Читаем Хроника стрижки овец полностью

Они были разными и равными: Зиновьев был логиком, отец занимался философией истории, Левада социологией, Мераб был картезианцем (загадочное тогда слово), Пятигорский вовсе буддистом, Щедровицкий занимался методологией. Иногда вспоминали, что Щедровицкий и Мераб были учениками Зиновьева, впрочем, тут же оговаривались, что Мераб знает много больше своего учителя собственно в истории философии.

Понимаете, дело было не в этом. Дело было не в предмете.

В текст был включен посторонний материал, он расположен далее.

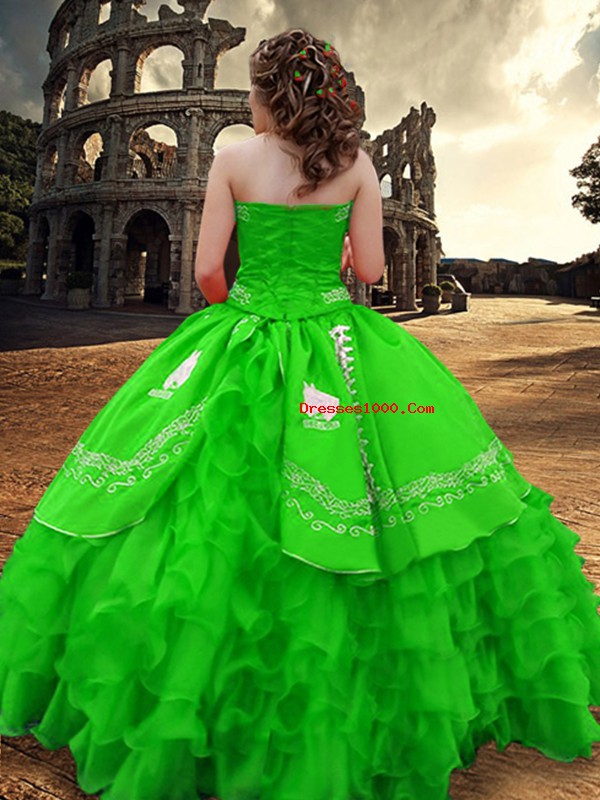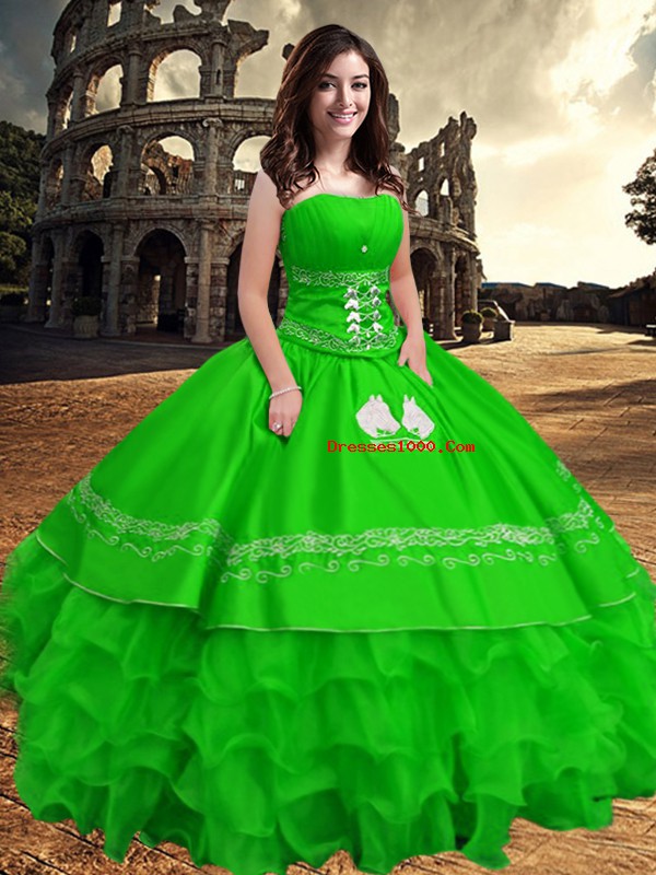 Traditional Green Strapless Zipper Embroidery and Ruffled Layers Quinceanera Dress Sleeveless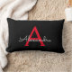Red Black Script Girly Monogram Name Lumbar Pillow

Знаний в мире много, знания надо знать, это необходимо. Но еще важнее уметь знания думать. Эти люди умели думать по-разному – и каждый делал и думал свое. Это была компания удивительных людей, живущих не регалиями, но долгими мыслями. И они ценили только мысль – а не застольный треп. Каждый в компании знал, что познание составляется из многих знаний, и они ценили подлинность друга. Философия истории, которую написал отец, была дисциплиной, неведомой Александру Александровичу, а логика Зиновьева не могла бы быть оспорена Левадой и так далее. Видите ли, табели о рангах стала сочинять интеллигентная шпана, которая никогда не умела ни думать, ни знать, – и эти табели о рангах не имеют ничего общего с подлинной иерархией мысли, о которой я писал давеча.

Попробую объяснить, что такое иерархия мысли. Это важно понять. Мысль – это субстанция, которая по определению длится вечно: размышление – процесс, протяженный в бесконечность. Вы не можете прервать процесс думанья без того, чтобы мысль перестала быть мыслью. Она размысливается, размыливается. Мысль важно все время держать в режиме думанья. Причем, когда вы перестаете ее думать, это вы выпадаете из процесса мышления, а не наоборот. То есть (применимо к изобразительному искусству, например) художник, решивший, что мир состоит из полосок и квадратов, додумал до этой стадии, а дальше думать уже перестал. С этих пор он стал ремесленником по изготовлению квадратиков. Но от этого субстанция идеи не прекратила свое бытие – эта субстанция по-прежнему есть – просто некий субъект остановил думанье.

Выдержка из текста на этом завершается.